**Dataset records:**
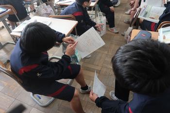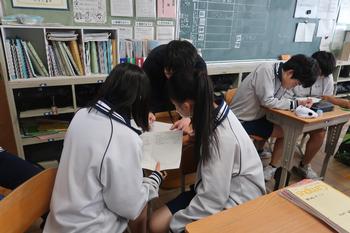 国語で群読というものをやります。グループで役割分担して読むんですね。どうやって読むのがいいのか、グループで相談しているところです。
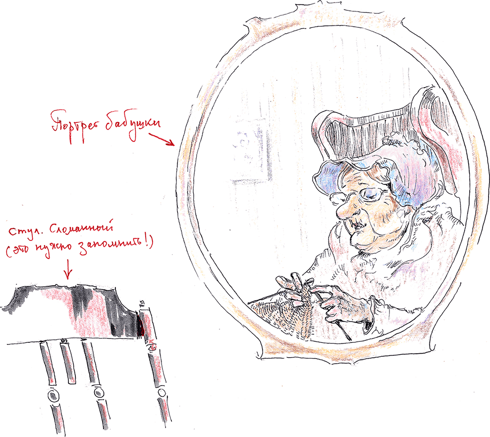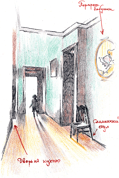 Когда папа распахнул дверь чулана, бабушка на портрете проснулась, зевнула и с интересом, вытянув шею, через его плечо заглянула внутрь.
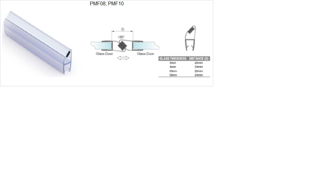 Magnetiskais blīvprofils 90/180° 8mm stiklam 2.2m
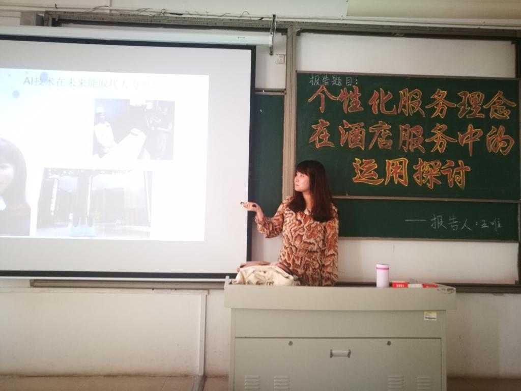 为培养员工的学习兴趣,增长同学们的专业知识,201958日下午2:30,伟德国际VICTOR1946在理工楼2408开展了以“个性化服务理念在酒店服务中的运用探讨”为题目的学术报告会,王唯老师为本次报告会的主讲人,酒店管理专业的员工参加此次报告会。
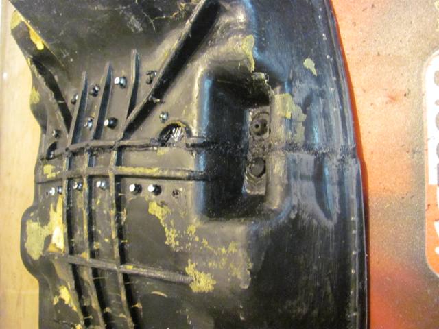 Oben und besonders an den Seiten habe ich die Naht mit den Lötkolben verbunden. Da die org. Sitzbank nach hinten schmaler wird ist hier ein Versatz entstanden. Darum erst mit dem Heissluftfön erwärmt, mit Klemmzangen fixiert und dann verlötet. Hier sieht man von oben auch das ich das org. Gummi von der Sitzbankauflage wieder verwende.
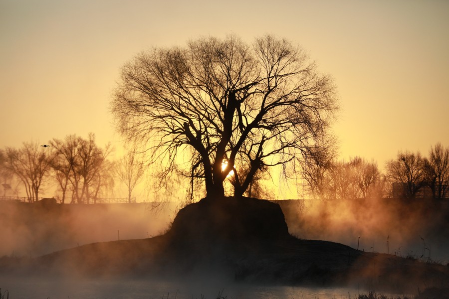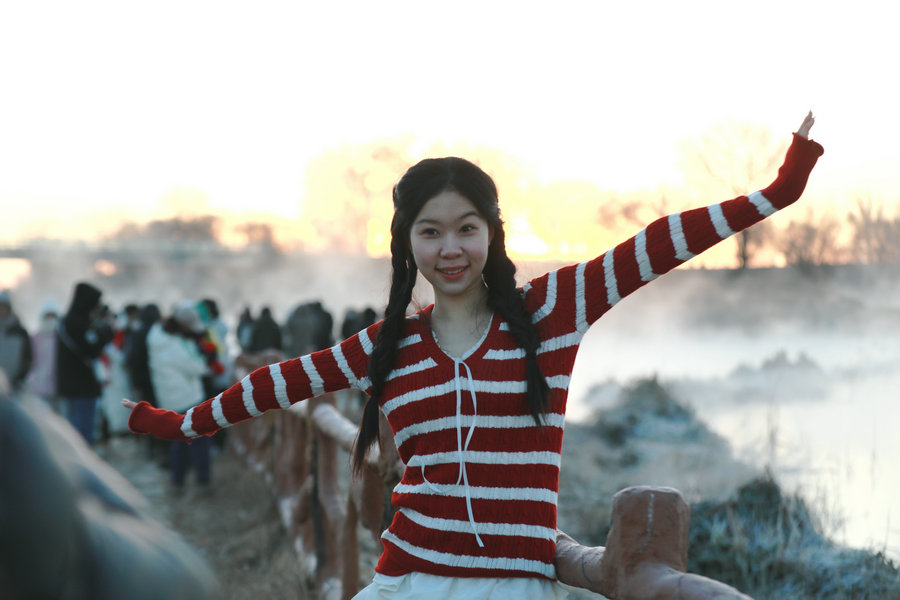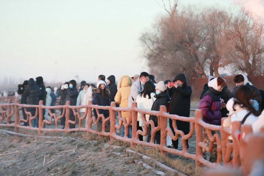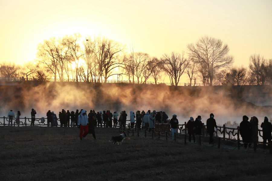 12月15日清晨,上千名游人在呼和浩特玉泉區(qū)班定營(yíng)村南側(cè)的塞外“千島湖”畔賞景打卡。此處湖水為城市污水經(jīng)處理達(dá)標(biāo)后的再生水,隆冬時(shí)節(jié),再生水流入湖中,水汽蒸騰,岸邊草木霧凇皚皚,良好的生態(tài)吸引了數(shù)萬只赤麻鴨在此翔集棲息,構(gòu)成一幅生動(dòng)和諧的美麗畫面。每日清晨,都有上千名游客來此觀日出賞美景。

**Task directions:** Print exactly the line containing "Oben und besonders" and every line after it through the final line above, and leave all pictures out.

**Exercise solution:**
 Oben und besonders an den Seiten habe ich die Naht mit den Lötkolben verbunden. Da die org. Sitzbank nach hinten schmaler wird ist hier ein Versatz entstanden. Darum erst mit dem Heissluftfön erwärmt, mit Klemmzangen fixiert und dann verlötet. Hier sieht man von oben auch das ich das org. Gummi von der Sitzbankauflage wieder verwende.
 12月15日清晨,上千名游人在呼和浩特玉泉區(qū)班定營(yíng)村南側(cè)的塞外“千島湖”畔賞景打卡。此處湖水為城市污水經(jīng)處理達(dá)標(biāo)后的再生水,隆冬時(shí)節(jié),再生水流入湖中,水汽蒸騰,岸邊草木霧凇皚皚,良好的生態(tài)吸引了數(shù)萬只赤麻鴨在此翔集棲息,構(gòu)成一幅生動(dòng)和諧的美麗畫面。每日清晨,都有上千名游客來此觀日出賞美景。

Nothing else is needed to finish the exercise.